▶ **Problem statement**
Reproduce the data below exactly. Skip the pictures.

▶ **Input material**
▼
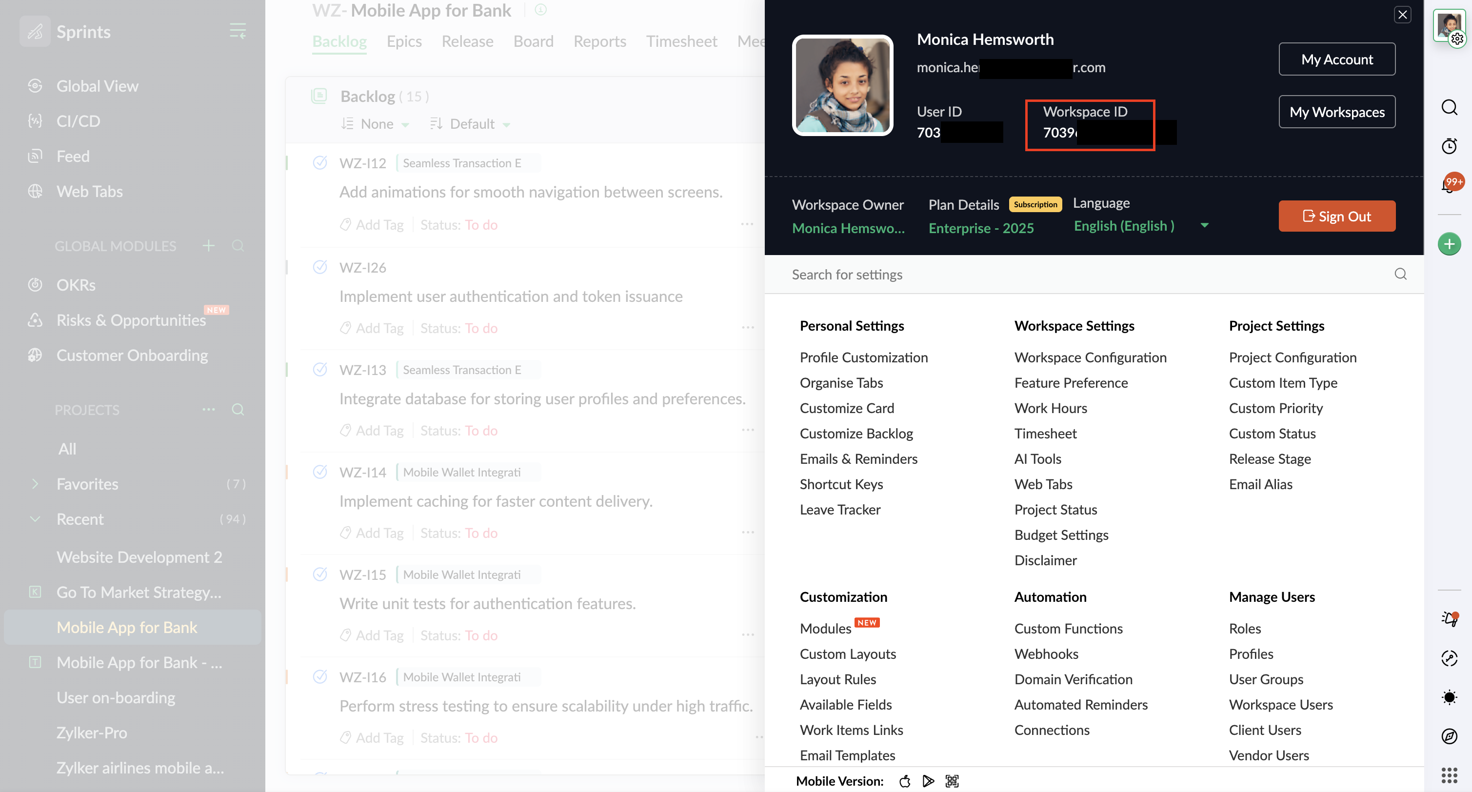 - Zoho Sprints ワークスペースにアクセスします。
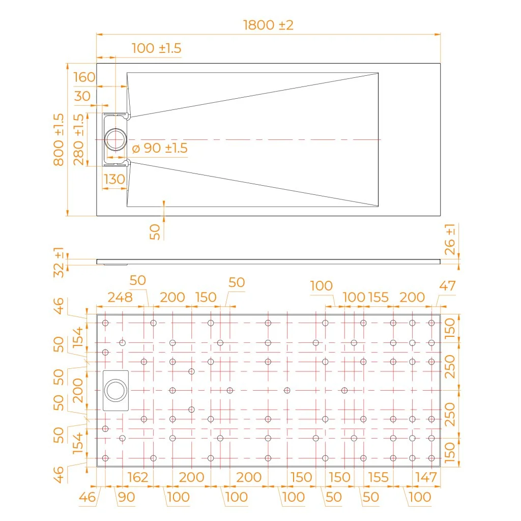 Общая высота поддона: 26 мм.;
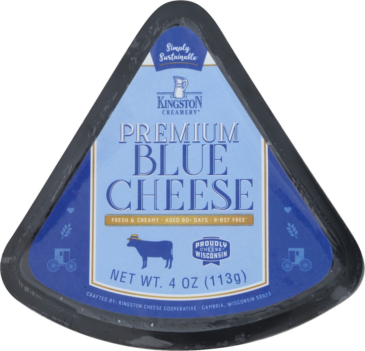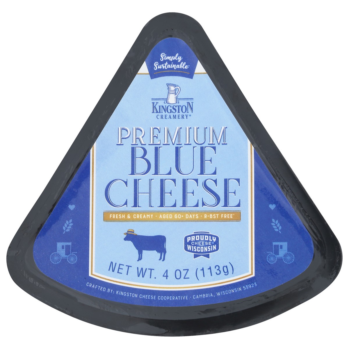 Kingston Creamery Premium Blue Cheese is crafted by a small, farmerowned Amish cooperative located in the rolling prairies of central Wisconsin. Milked by hand daily, this cheese is aged 60 days and h…
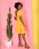 Vom Tencel Kleid Alani in Gelb bis zum Accessoire haben wir eine große Auswahl an eco fashion für Frauen/Diverse aus nachhaltigen Materialien wie Tencel, Bio Baumwolle, Bio Jersey, Modal und recycelten Materialien. Luftige Sommerkleider für Festlichkeiten und Hochzeiten aber auch alltagstaugliche Lieblingsstücke. In unserem Sortiment findest Du stilvolle Kleidungsstücke mit zeitlosem Design, von der moderne Culottes, gut kombinierbare Röcken, bis zu elegante Blusen und bequemen Pullovern. Besonders wichtig ist uns eine qualitativ hochwertige Verarbeitung. Und ein langlebiges aber dennoch verspieltes und stilvolles Design. Deshalb wird jedes Kleidungsstück mit viel Liebe und Sorgfalt auf Bestellung in Berlin hergestellt. So entsteht keine Überproduktion und wir schützen unseren Planeten. Wer nach styling Tipps sucht, kann uns gerne auf Instagram besuchen #mandutrap. Fakten: Fair & Sozial Unter fairen Bedingungen in Deutschland gefertigt. Made in Germany Das Tencel Kleid Alani in Gelb wird wie jeder Artikel fair und in Handarbeit in unserem Berliner Atelier produziert. Vegan Keine Verwendung von tierischen Materialien. Ressourcenschonend Tencel bzw. Lyocell ist ein nachhaltiger Stoff aus Cellulosefasern, die aus Eukalyptusholz gewonnen werden. Eukalyptus kommt ohne eine künstliche Bewässerung und Düngung aus und schont somit unsere Ressourcen. Bei Biologische Baumwolle und Jersey ist der Verbrauch an Frischwasser ist um 91% geringer, außerdem werden keine Pestizide verwendet.Tencel Kleid Alani in Gelb
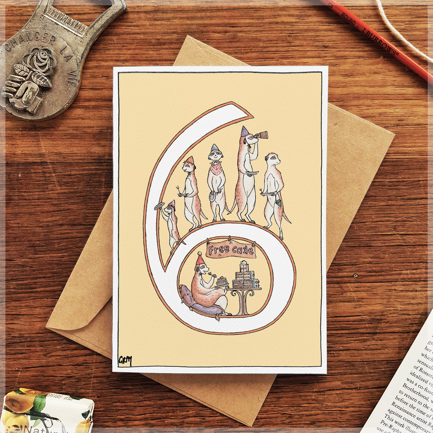 This A6 greeting card has been professionally printed on 300gsm Felt paper. It Includes a brown paper envelope and is wrapped in a plastic sleeve.
▲
▶ **Worked solution**
 - Zoho Sprints ワークスペースにアクセスします。
 Общая высота поддона: 26 мм.;
 Kingston Creamery Premium Blue Cheese is crafted by a small, farmerowned Amish cooperative located in the rolling prairies of central Wisconsin. Milked by hand daily, this cheese is aged 60 days and h…
 Vom Tencel Kleid Alani in Gelb bis zum Accessoire haben wir eine große Auswahl an eco fashion für Frauen/Diverse aus nachhaltigen Materialien wie Tencel, Bio Baumwolle, Bio Jersey, Modal und recycelten Materialien. Luftige Sommerkleider für Festlichkeiten und Hochzeiten aber auch alltagstaugliche Lieblingsstücke. In unserem Sortiment findest Du stilvolle Kleidungsstücke mit zeitlosem Design, von der moderne Culottes, gut kombinierbare Röcken, bis zu elegante Blusen und bequemen Pullovern. Besonders wichtig ist uns eine qualitativ hochwertige Verarbeitung. Und ein langlebiges aber dennoch verspieltes und stilvolles Design. Deshalb wird jedes Kleidungsstück mit viel Liebe und Sorgfalt auf Bestellung in Berlin hergestellt. So entsteht keine Überproduktion und wir schützen unseren Planeten. Wer nach styling Tipps sucht, kann uns gerne auf Instagram besuchen #mandutrap. Fakten: Fair & Sozial Unter fairen Bedingungen in Deutschland gefertigt. Made in Germany Das Tencel Kleid Alani in Gelb wird wie jeder Artikel fair und in Handarbeit in unserem Berliner Atelier produziert. Vegan Keine Verwendung von tierischen Materialien. Ressourcenschonend Tencel bzw. Lyocell ist ein nachhaltiger Stoff aus Cellulosefasern, die aus Eukalyptusholz gewonnen werden. Eukalyptus kommt ohne eine künstliche Bewässerung und Düngung aus und schont somit unsere Ressourcen. Bei Biologische Baumwolle und Jersey ist der Verbrauch an Frischwasser ist um 91% geringer, außerdem werden keine Pestizide verwendet.Tencel Kleid Alani in Gelb
 This A6 greeting card has been professionally printed on 300gsm Felt paper. It Includes a brown paper envelope and is wrapped in a plastic sleeve.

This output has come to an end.